How to complete this task »
Using the listing below, copy exactly each line from the one that has "Figure 7, Figure" through the one that has "6接着我们可以把搅拌好的肉馅做成一个团子,然后裹上备好的糯米。"; omit the pictures.

Dataset content »
*** Block opens ***

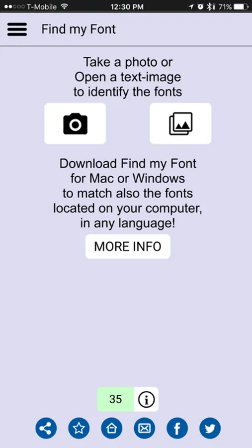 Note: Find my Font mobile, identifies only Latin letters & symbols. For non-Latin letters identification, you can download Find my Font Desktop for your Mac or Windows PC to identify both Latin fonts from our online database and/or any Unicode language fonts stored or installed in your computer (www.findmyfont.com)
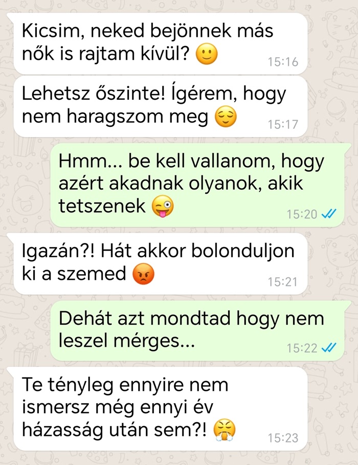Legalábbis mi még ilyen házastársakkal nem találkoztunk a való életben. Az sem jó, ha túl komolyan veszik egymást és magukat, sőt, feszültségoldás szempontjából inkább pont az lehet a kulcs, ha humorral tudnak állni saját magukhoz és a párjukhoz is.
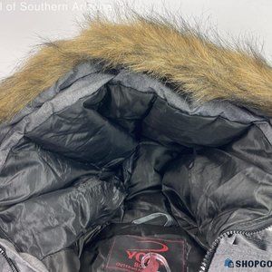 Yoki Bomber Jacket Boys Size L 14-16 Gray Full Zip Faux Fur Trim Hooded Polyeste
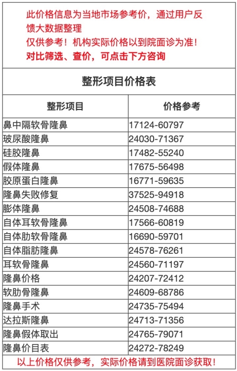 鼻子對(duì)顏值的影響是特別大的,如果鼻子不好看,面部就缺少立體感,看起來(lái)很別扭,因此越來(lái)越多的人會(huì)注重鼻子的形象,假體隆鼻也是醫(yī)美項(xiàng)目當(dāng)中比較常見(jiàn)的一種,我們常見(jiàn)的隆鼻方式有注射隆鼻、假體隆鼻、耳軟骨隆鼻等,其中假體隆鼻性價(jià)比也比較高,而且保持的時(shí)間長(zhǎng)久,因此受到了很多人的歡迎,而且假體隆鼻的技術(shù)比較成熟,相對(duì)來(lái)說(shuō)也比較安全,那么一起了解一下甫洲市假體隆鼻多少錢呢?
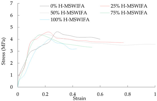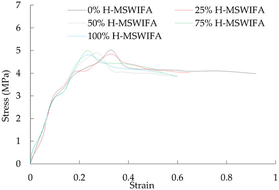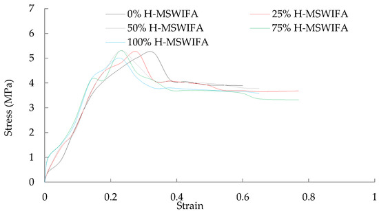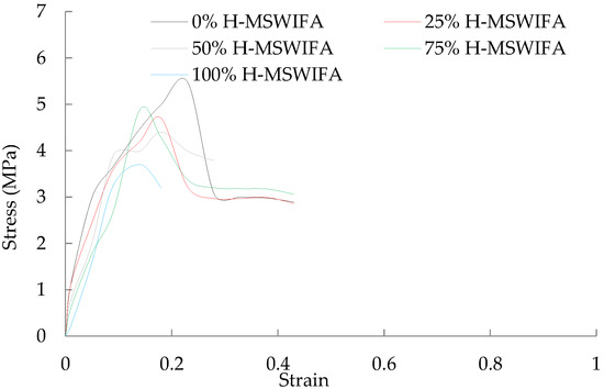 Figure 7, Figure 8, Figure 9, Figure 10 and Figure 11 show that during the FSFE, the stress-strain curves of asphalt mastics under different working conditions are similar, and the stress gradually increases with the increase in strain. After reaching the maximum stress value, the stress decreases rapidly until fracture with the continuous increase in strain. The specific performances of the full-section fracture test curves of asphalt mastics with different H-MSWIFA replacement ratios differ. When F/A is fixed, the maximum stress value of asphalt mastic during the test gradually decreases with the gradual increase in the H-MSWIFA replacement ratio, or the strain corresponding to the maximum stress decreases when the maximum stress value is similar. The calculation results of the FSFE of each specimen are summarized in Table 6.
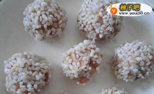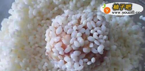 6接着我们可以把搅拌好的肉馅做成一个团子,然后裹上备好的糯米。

*** Block closes ***
*** Block opens ***

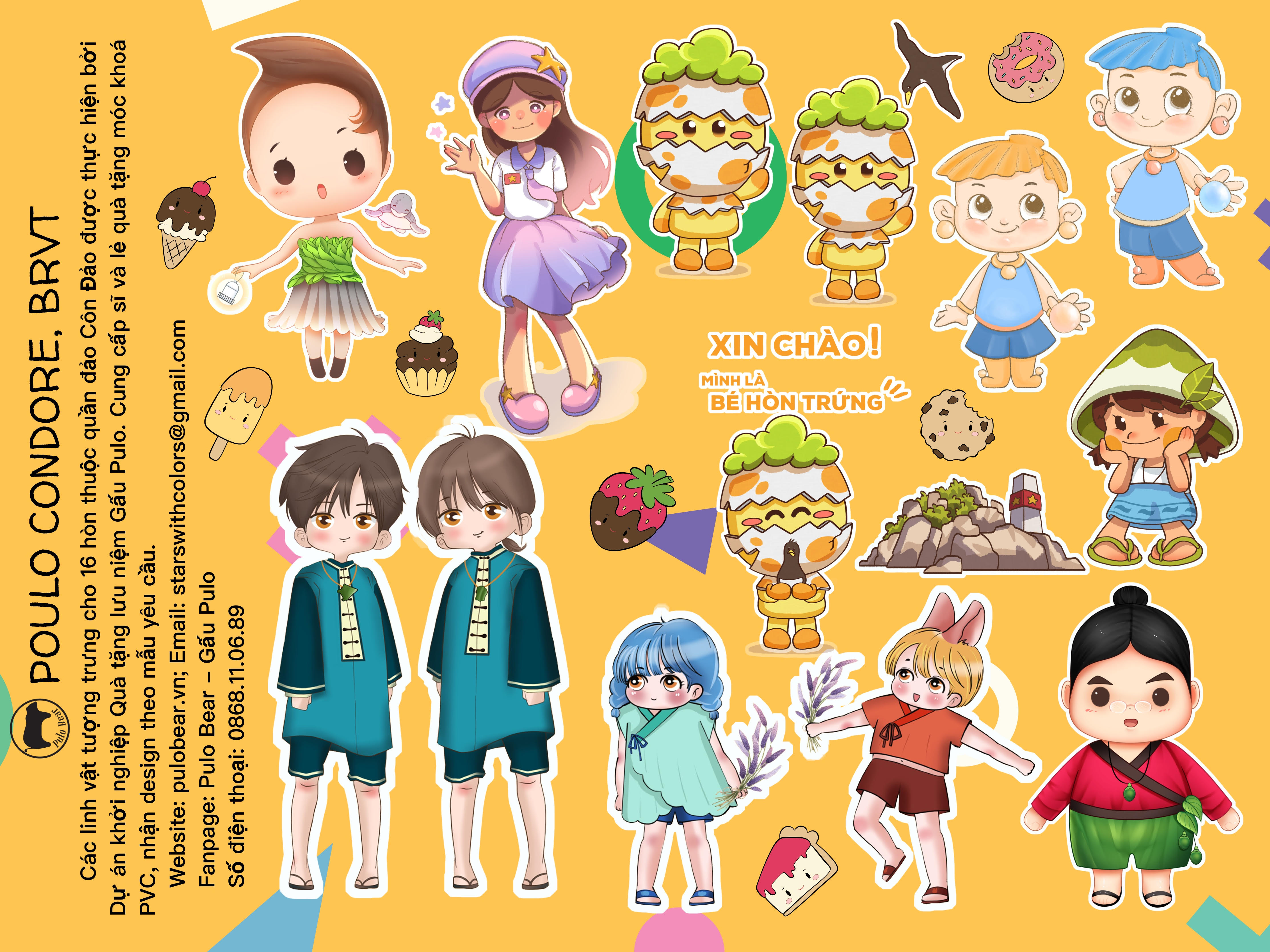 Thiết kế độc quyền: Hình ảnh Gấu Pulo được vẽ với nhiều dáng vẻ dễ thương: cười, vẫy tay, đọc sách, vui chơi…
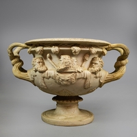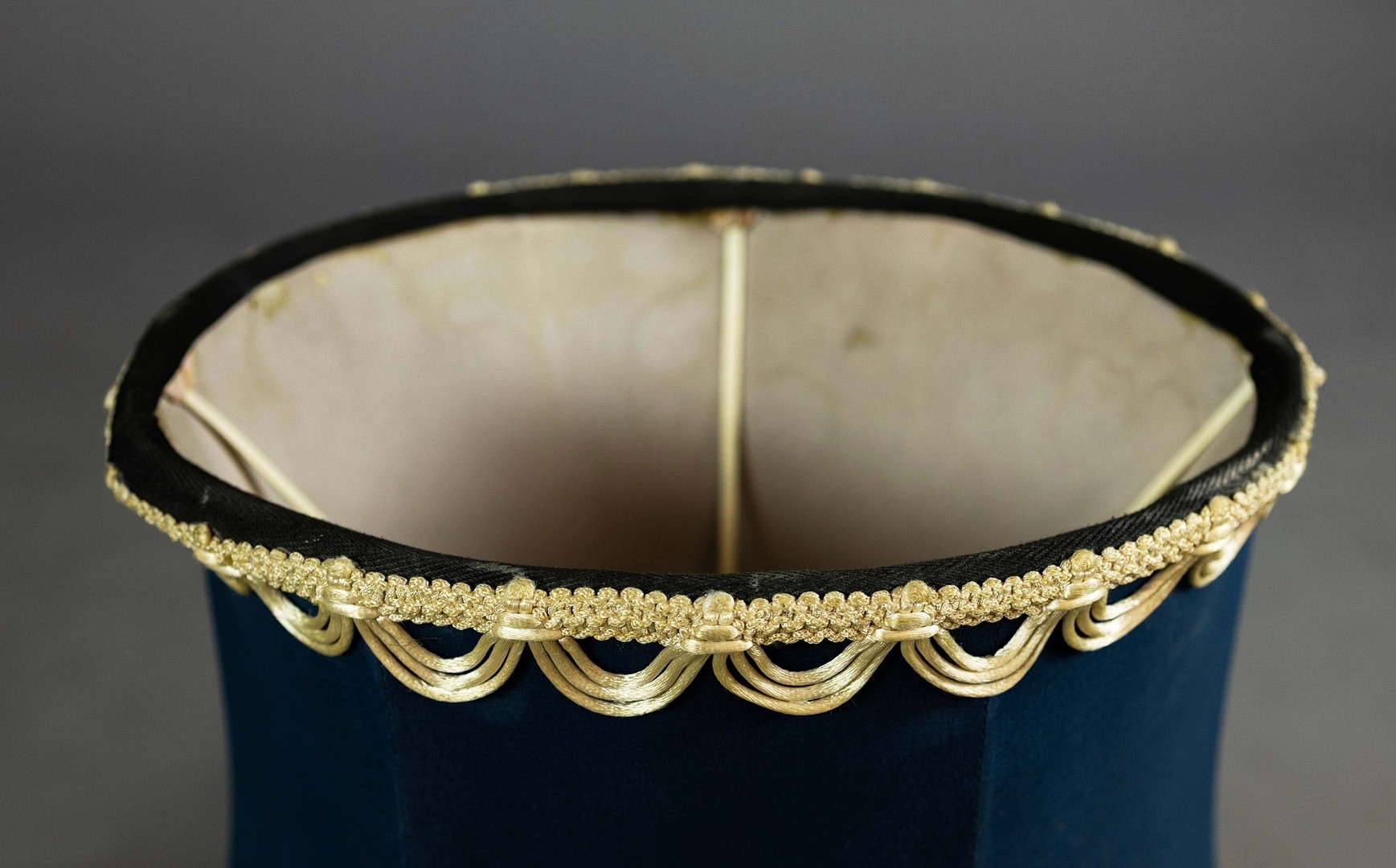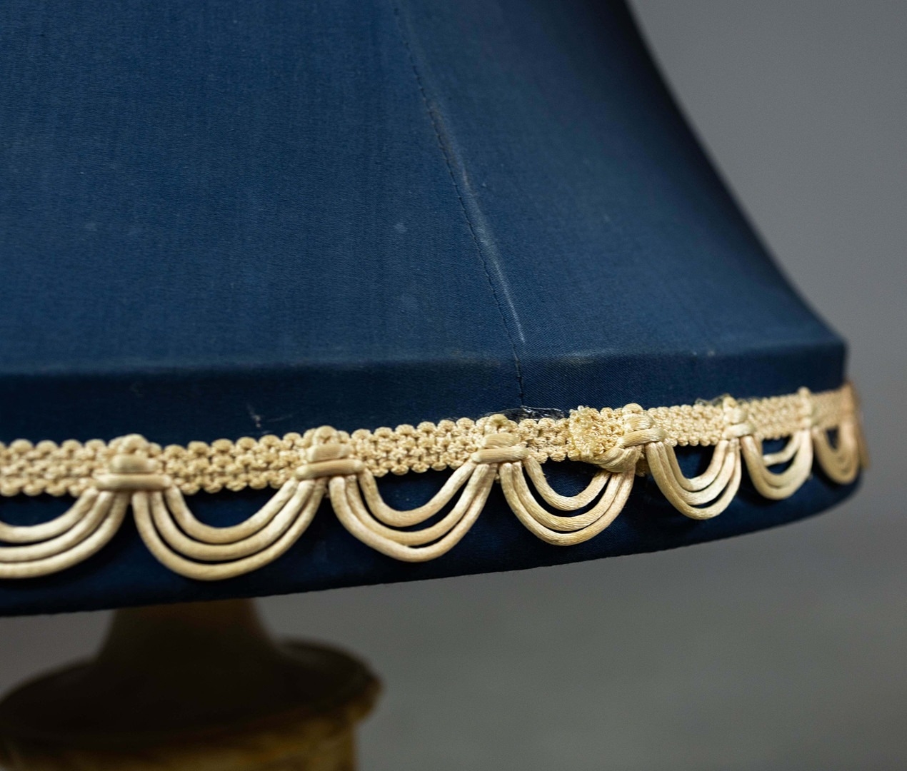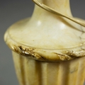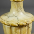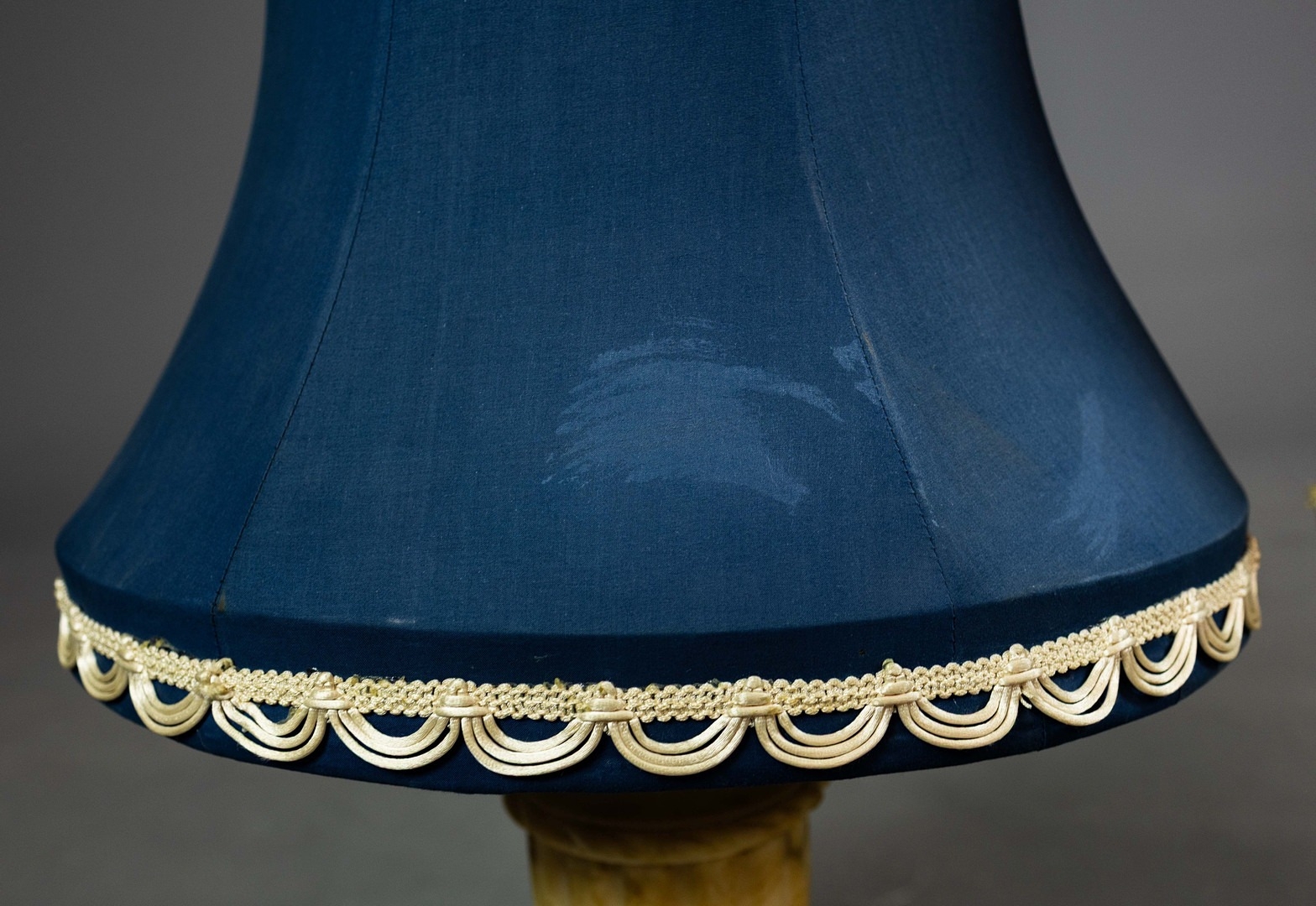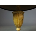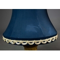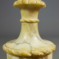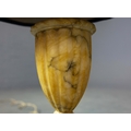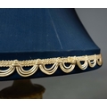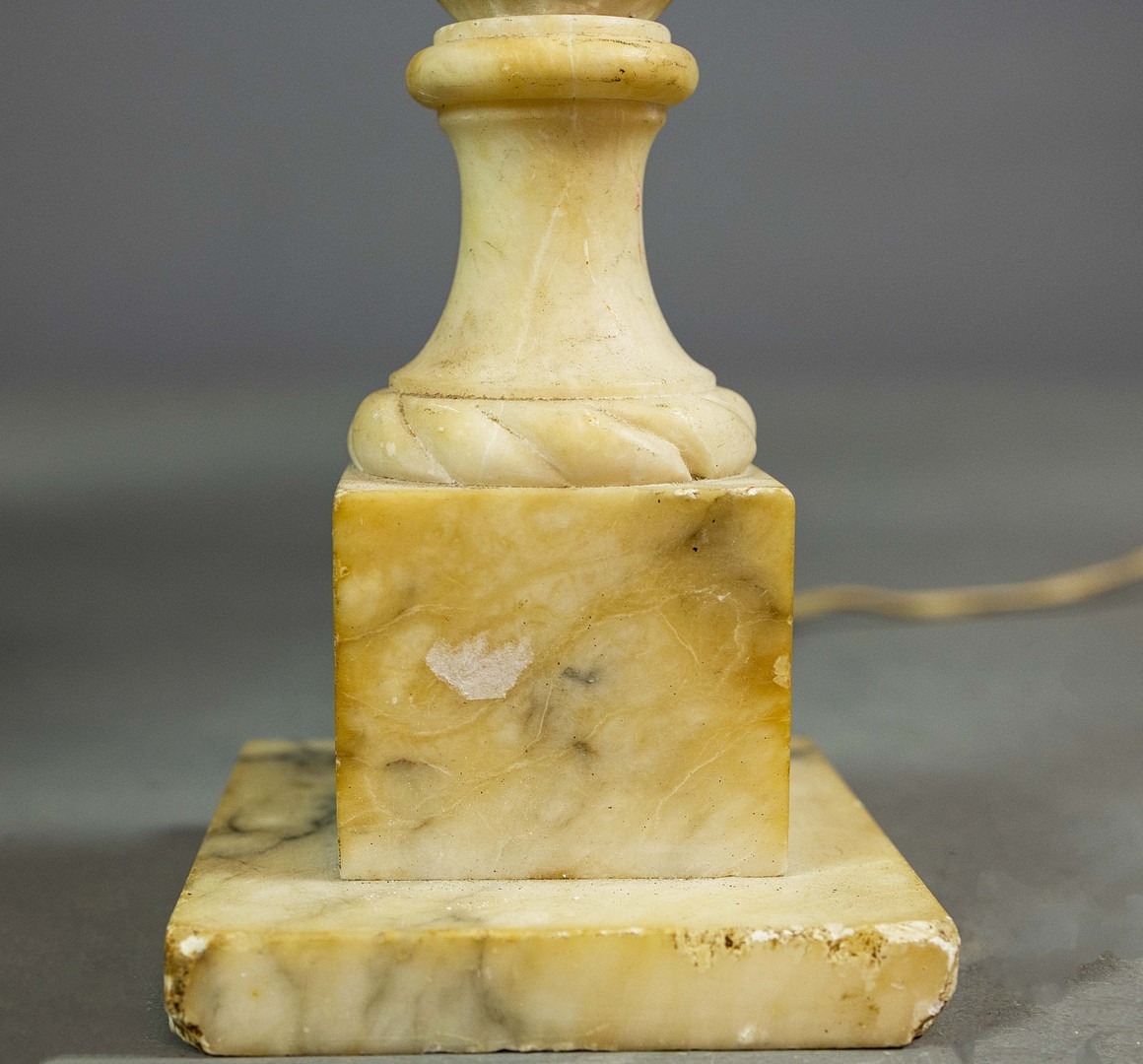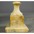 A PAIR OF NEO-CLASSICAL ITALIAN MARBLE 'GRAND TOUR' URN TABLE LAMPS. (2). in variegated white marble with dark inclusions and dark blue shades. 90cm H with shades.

*** Block closes ***

Exercise solution »
 Figure 7, Figure 8, Figure 9, Figure 10 and Figure 11 show that during the FSFE, the stress-strain curves of asphalt mastics under different working conditions are similar, and the stress gradually increases with the increase in strain. After reaching the maximum stress value, the stress decreases rapidly until fracture with the continuous increase in strain. The specific performances of the full-section fracture test curves of asphalt mastics with different H-MSWIFA replacement ratios differ. When F/A is fixed, the maximum stress value of asphalt mastic during the test gradually decreases with the gradual increase in the H-MSWIFA replacement ratio, or the strain corresponding to the maximum stress decreases when the maximum stress value is similar. The calculation results of the FSFE of each specimen are summarized in Table 6.
 6接着我们可以把搅拌好的肉馅做成一个团子,然后裹上备好的糯米。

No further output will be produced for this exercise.